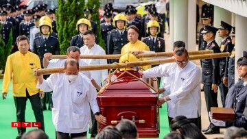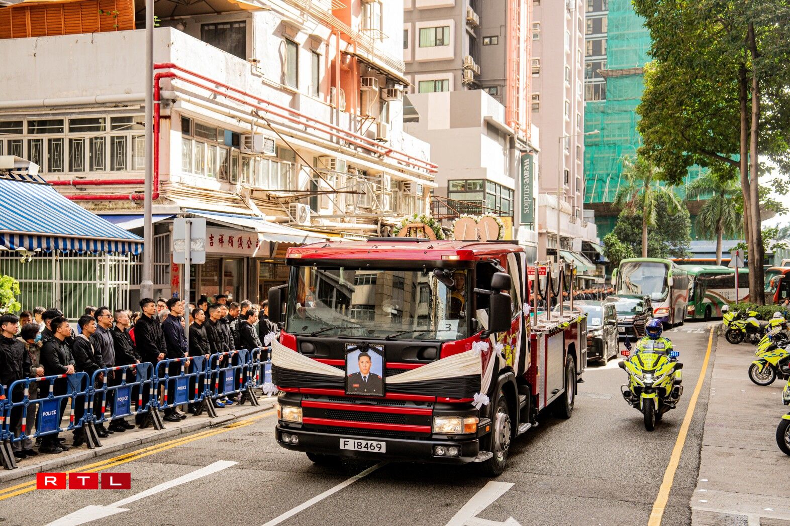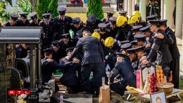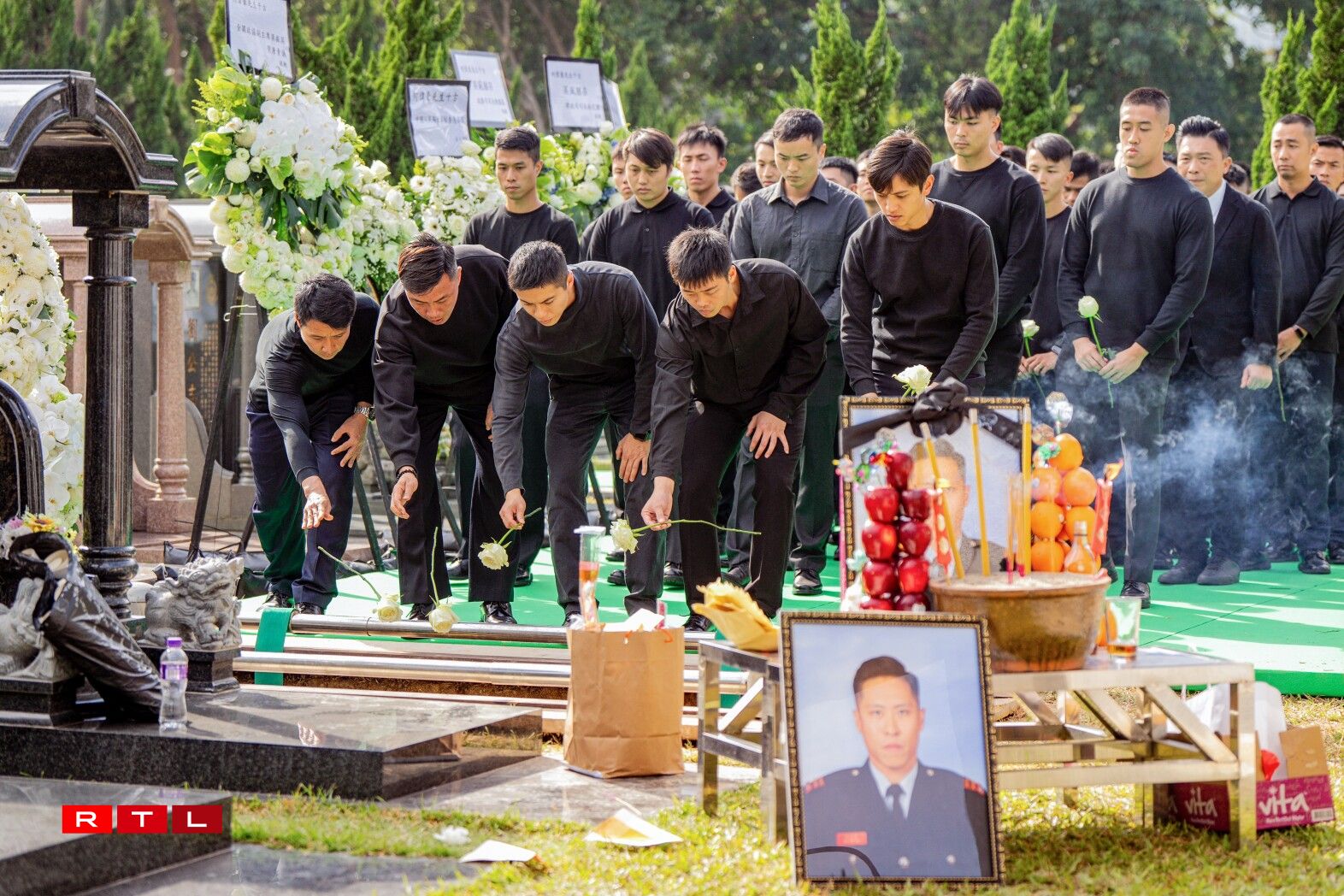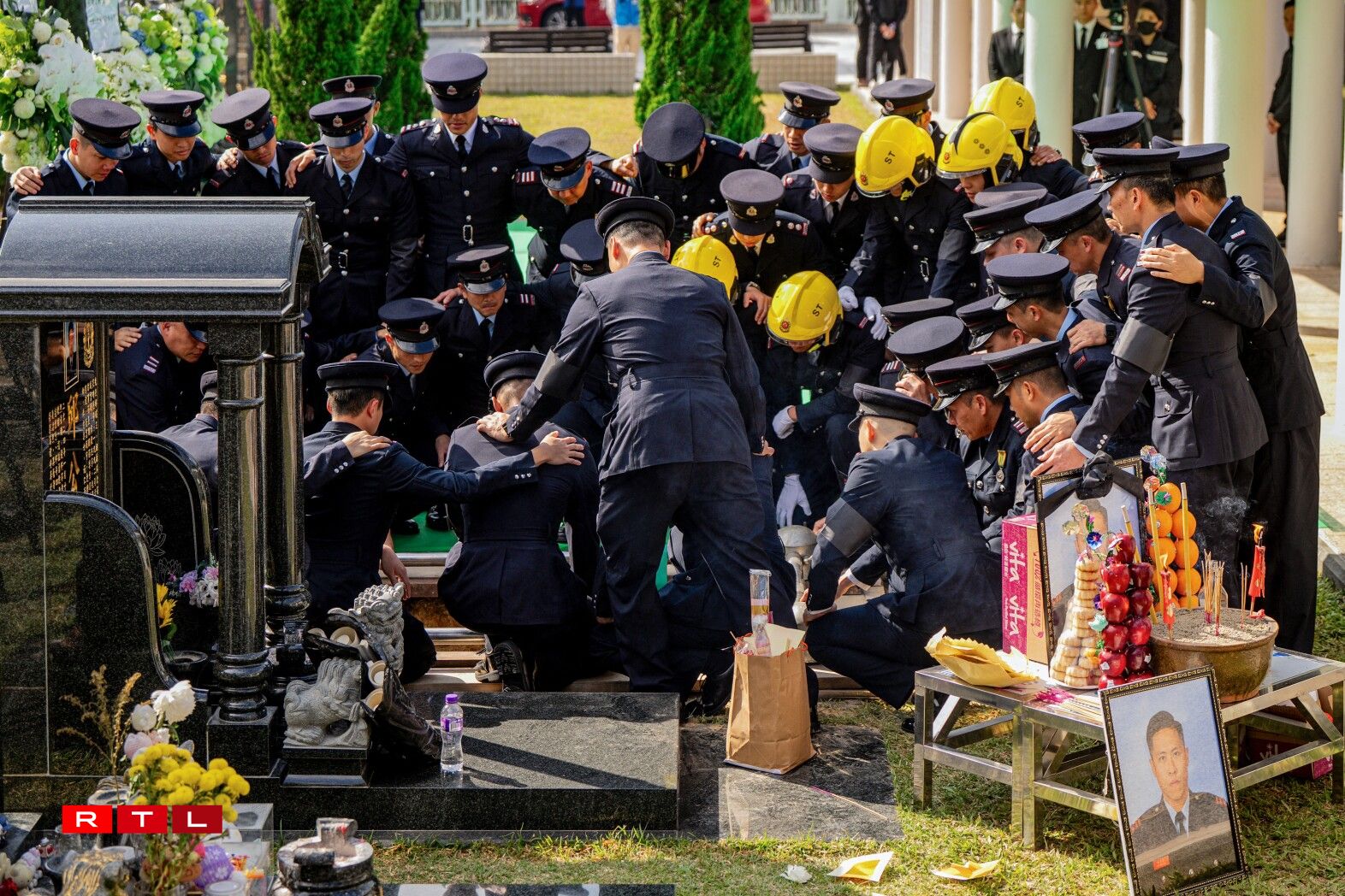 De Sarg vum 37 Joer alen Ho Wai Ho, deen am Fändel vun Hongkong agewéckelt war, gouf mat enger Zeremonie op de Kierfecht bruecht, wou e puer vun de Kolleegen hir Tréinen net zréckhale konnten.
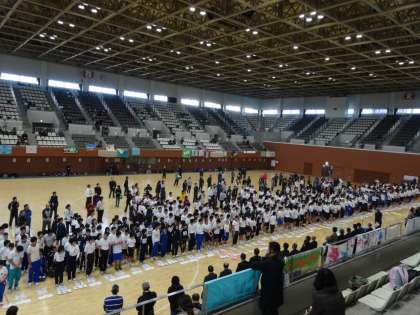本日、府立体育館で合同運動会が行われています。本校の1組も元気に参加しています。開会式の様子です。
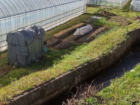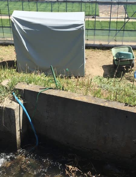手前の水路は、借りている農家さんのお計らいで汲み上げて散水に使わせていただいてます。
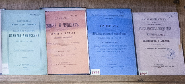 Помимо этого, фонды библиотеки пополнились книгами «Монастырские острова Валаам и Коневец» 1895 года, «Епархиальное древлехранилище в Валаамском монастыре» 1913 года и «Валаамская обитель» 1896 года.
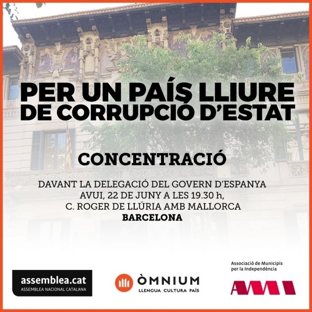 Sota el lema "Per un nou país lliure de corrupció d'Estat", la manifestació vol donar sortida a la indignació que generen les recents informacions aparegudes que relacionen el Govern d’Espanya amb un cas de conspiració política a Catalunya. Des de les entitats sobiranistes defensen la construcció d’una República catalana lliure, justa i democràtica, on no poden tenir cabuda actuacions que atemptin contra les llibertats més bàsiques de les persones.
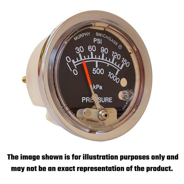 The Murphy 0-150 PSI Mechanical Pressure Swichgage 2.5" 25P-150 is a diaphragm-actuated, pressure-indicating gage with a built-in electrical switch. This swichgage is used for tripping alarms and/or shutdown devices. The gage mechanism is enclosed in a steel case coated to resist corrosion. A polycarbonate, break-resistant lens and a polished, stainless steel bezel help protect this rugged, built-to-last instrument. Accuracy and protection from moderate overpressure is assured by a unique, unitized diaphragm chamber. A built-in pulsation dampener helps eliminate pointer flutter and is removable for cleaning.

-- -- --

* Problem details
Return the lines above from the one with "本日、府立体育館で合同運動会" through the one with "手前の水路は、借りている農家", verbatim and nothing else. Omit every picture.

* Solved exercise
本日、府立体育館で合同運動会が行われています。本校の1組も元気に参加しています。開会式の様子です。
手前の水路は、借りている農家さんのお計らいで汲み上げて散水に使わせていただいてます。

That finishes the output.